• _Exercise data_
----------------------------------------

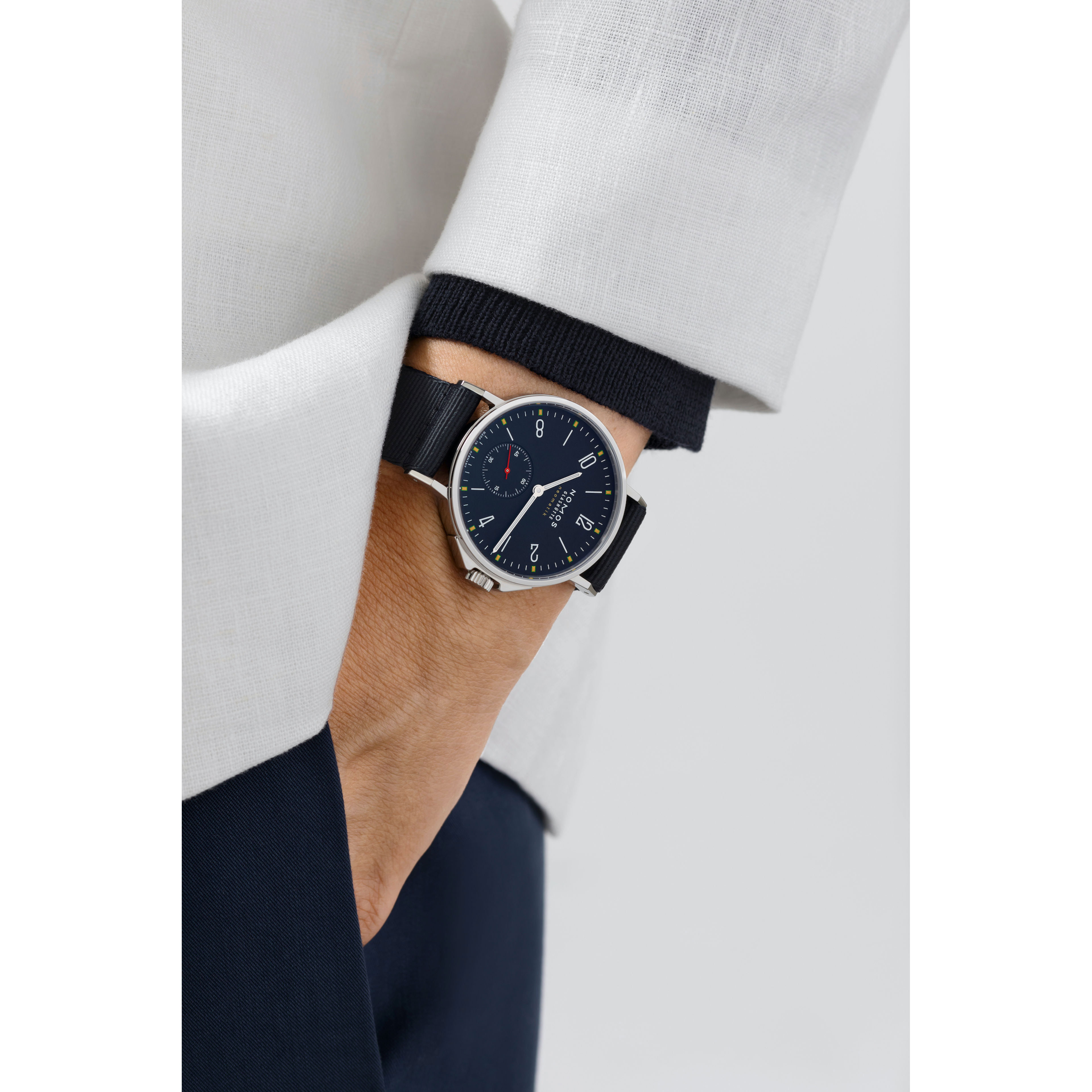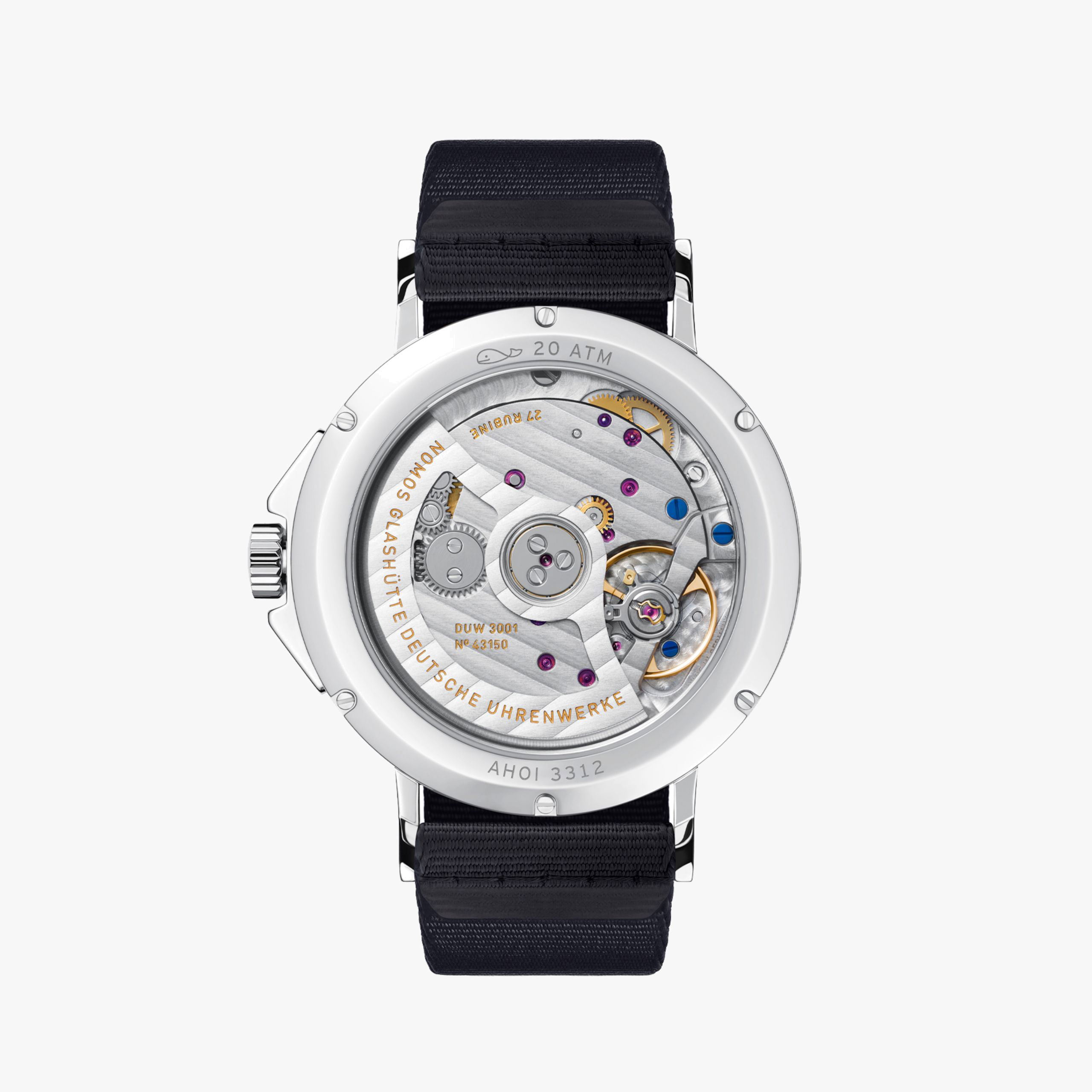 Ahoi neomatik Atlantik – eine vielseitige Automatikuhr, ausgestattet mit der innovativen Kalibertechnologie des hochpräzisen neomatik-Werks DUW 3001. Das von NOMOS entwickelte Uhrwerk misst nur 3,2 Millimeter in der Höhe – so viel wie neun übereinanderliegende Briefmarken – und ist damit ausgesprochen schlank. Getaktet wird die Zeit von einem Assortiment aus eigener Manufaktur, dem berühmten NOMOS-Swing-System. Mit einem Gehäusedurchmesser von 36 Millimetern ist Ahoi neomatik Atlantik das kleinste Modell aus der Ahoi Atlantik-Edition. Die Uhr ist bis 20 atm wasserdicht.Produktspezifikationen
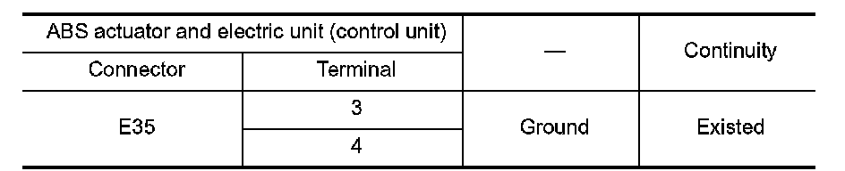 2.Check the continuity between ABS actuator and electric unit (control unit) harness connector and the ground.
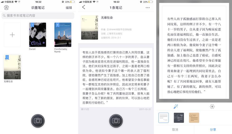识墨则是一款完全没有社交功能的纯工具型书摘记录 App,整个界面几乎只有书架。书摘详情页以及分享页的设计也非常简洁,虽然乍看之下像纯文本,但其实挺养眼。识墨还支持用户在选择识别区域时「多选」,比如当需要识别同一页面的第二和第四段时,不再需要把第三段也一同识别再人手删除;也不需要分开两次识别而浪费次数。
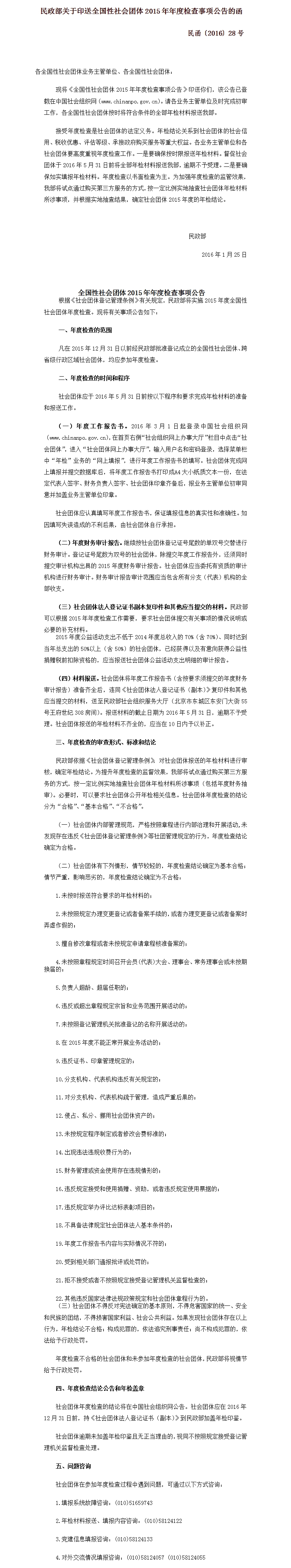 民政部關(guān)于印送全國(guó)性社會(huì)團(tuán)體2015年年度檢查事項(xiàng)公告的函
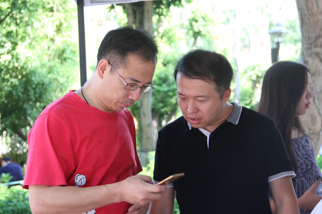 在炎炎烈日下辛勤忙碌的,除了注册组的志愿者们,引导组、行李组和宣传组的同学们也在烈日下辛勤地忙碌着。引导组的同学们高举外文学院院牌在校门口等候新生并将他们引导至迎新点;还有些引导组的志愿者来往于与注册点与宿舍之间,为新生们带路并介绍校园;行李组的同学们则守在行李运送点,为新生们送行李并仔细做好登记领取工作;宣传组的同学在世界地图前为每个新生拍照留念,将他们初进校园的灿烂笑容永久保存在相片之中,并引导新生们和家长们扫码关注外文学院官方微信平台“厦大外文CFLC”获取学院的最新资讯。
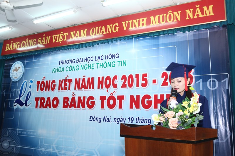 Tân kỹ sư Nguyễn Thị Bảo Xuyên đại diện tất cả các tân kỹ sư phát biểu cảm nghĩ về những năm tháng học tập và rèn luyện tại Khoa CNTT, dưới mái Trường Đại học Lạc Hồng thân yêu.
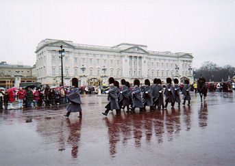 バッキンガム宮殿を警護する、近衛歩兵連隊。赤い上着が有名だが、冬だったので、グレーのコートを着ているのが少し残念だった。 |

----------------------------------------

• _Task goal_
Without any pictures, please reproduce the full set of entries.

• _Solved exercise_
 Ahoi neomatik Atlantik – eine vielseitige Automatikuhr, ausgestattet mit der innovativen Kalibertechnologie des hochpräzisen neomatik-Werks DUW 3001. Das von NOMOS entwickelte Uhrwerk misst nur 3,2 Millimeter in der Höhe – so viel wie neun übereinanderliegende Briefmarken – und ist damit ausgesprochen schlank. Getaktet wird die Zeit von einem Assortiment aus eigener Manufaktur, dem berühmten NOMOS-Swing-System. Mit einem Gehäusedurchmesser von 36 Millimetern ist Ahoi neomatik Atlantik das kleinste Modell aus der Ahoi Atlantik-Edition. Die Uhr ist bis 20 atm wasserdicht.Produktspezifikationen
 2.Check the continuity between ABS actuator and electric unit (control unit) harness connector and the ground.
识墨则是一款完全没有社交功能的纯工具型书摘记录 App,整个界面几乎只有书架。书摘详情页以及分享页的设计也非常简洁,虽然乍看之下像纯文本,但其实挺养眼。识墨还支持用户在选择识别区域时「多选」,比如当需要识别同一页面的第二和第四段时,不再需要把第三段也一同识别再人手删除;也不需要分开两次识别而浪费次数。
 民政部關(guān)于印送全國(guó)性社會(huì)團(tuán)體2015年年度檢查事項(xiàng)公告的函
 在炎炎烈日下辛勤忙碌的,除了注册组的志愿者们,引导组、行李组和宣传组的同学们也在烈日下辛勤地忙碌着。引导组的同学们高举外文学院院牌在校门口等候新生并将他们引导至迎新点;还有些引导组的志愿者来往于与注册点与宿舍之间,为新生们带路并介绍校园;行李组的同学们则守在行李运送点,为新生们送行李并仔细做好登记领取工作;宣传组的同学在世界地图前为每个新生拍照留念,将他们初进校园的灿烂笑容永久保存在相片之中,并引导新生们和家长们扫码关注外文学院官方微信平台“厦大外文CFLC”获取学院的最新资讯。
 Tân kỹ sư Nguyễn Thị Bảo Xuyên đại diện tất cả các tân kỹ sư phát biểu cảm nghĩ về những năm tháng học tập và rèn luyện tại Khoa CNTT, dưới mái Trường Đại học Lạc Hồng thân yêu.
 バッキンガム宮殿を警護する、近衛歩兵連隊。赤い上着が有名だが、冬だったので、グレーのコートを着ているのが少し残念だった。 |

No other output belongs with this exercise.